The decoding phase performs the same operations as prefill, but only for the single token generated in the previous autoregressive iteration. Therefore, the shape of the input tensor in the decoding phase is [B, 1, H] (the opposite of [B, L, H] in prefill).
- Preprocessing stage: The resulting Q, K, and V are all [B, 1, H]. The shape of the K and V tensors for each token is [1, H].
- Attention calculation phase: The K and V tensors obtained from the KV Cache have the shape [B, prev_kv_seq_len, H]. After concatenation with the current K and V, the tensor shape becomes [B, prev_kv_seq_len + 1, H]. is [B, 1, H] x [B, H, prev_kv_seq_len + 1] -> [B, 1, prev_kv_seq_len + 1]; is [B, 1, prev_kv_seq_len + 1] x [B, prev_kv_seq_len + 1, H] -> [B, 1, H].
- FFN phase. Output is [B, 1, H].
From the above analysis, we can easily find that the memory access overhead of the attention operator mainly depends on the sequence length of the KV, while the computational overhead mainly depends on the sequence length of the Q. In the prefill stage, the Q sequence is generally long, and the attention operator is computationally intensive; while in the decode stage, the Q sequence length is 1, and the attention operator is memory access intensive.
4.2 Storage Capacity
4.2.1 Single layer
The size of each token in all input batch sequences is related to the model configuration and is fixed. Based on this, the total size of the KV cache can be expressed by the following formula:
in:
- 2 represents two vectors, Key and Value, which need to be stored at each level.

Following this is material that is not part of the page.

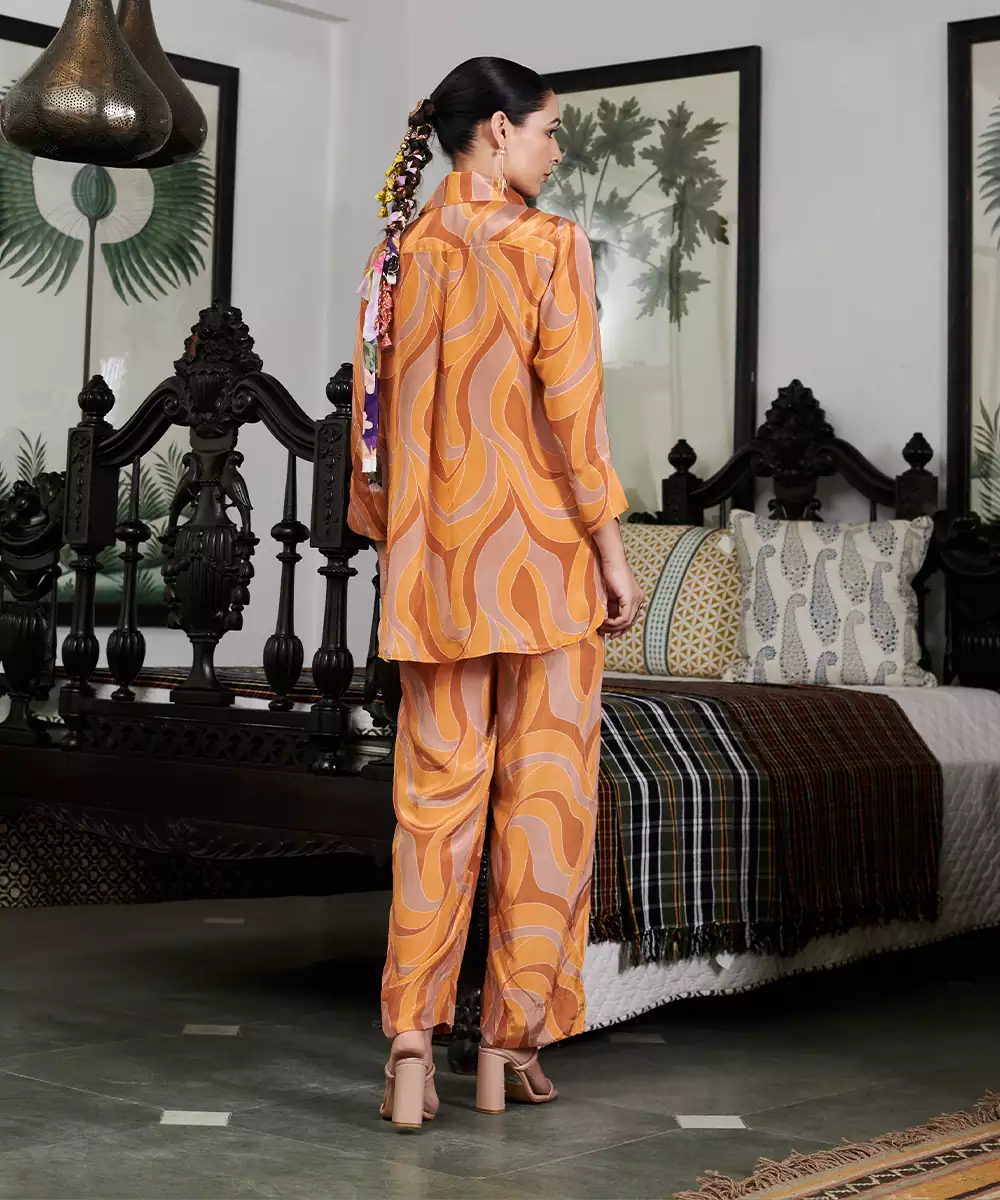 Peach Orange Abstract Digital Printed Co Ord Set In Crepe Colour: Peach Fabric: Crepe Components : 1 Top / 1 Pant
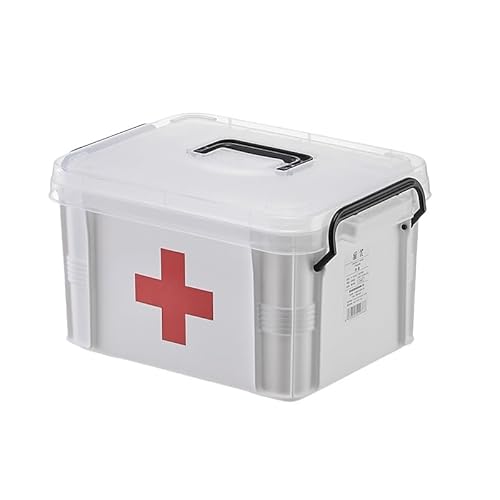 Akasoodaの救急箱はおしゃれで大容量の2層設計。屋外や家庭用に最適な収納ケース。かわいいデザインで、薬や小物を整理。ハンドル付きで持ち運びも便利。ホワイトのMサイズ。

- B represents batch size.
- L represents the total sequence length, which is the input sequence plus the output sequence, or the hint plus the completed part.
- H stands for number of head.
- D represents the size of the head, the dimension of each head.
- P represents the number of bits required to store the key-value (kV) data format, that is, the number of bytes required to store one kV cache data. For example, fp16 requires 2 bytes.
4.2.2 Multi-story
If N represents the number of blocks, i.e., the model depth, then the total KV cache storage space required for one model is:
4.2.3 Actual Example
Assuming 100K contexts, 60 levels, 8 headers, and 128 embedding dimensions, using bf16 storage, the KV cache size is:
Taking LLaMA-7B as an example, the model loading occupies 14GB of GPU memory, has a vector dimension of 4096, a stacking of 32 layers, and a maximum inference step size of 4096. If inferring a sentence with a batch size of 2 and a length of 4096, the storage space occupied by the KV-Cache is 2×2×32×4096×2×4096=21474836480 bytes, approximately 4GB. As the inference batch size increases and the inference length increases, the storage space occupied by the KV-Cache may exceed that of the model itself. For example, if the batch size = 4, in LLaMA 2 70B, assuming the number of input and output tokens reaches the model’s limit of 4096, the 80-layer KV-Cache would require a total of 2 (K, V) * 80 * 8192 * 4096 * 8 * 2B = 80 GB. If the batch size is larger, the space occupied by the KV-Cache will exceed the 140 GB occupied by the parameters themselves.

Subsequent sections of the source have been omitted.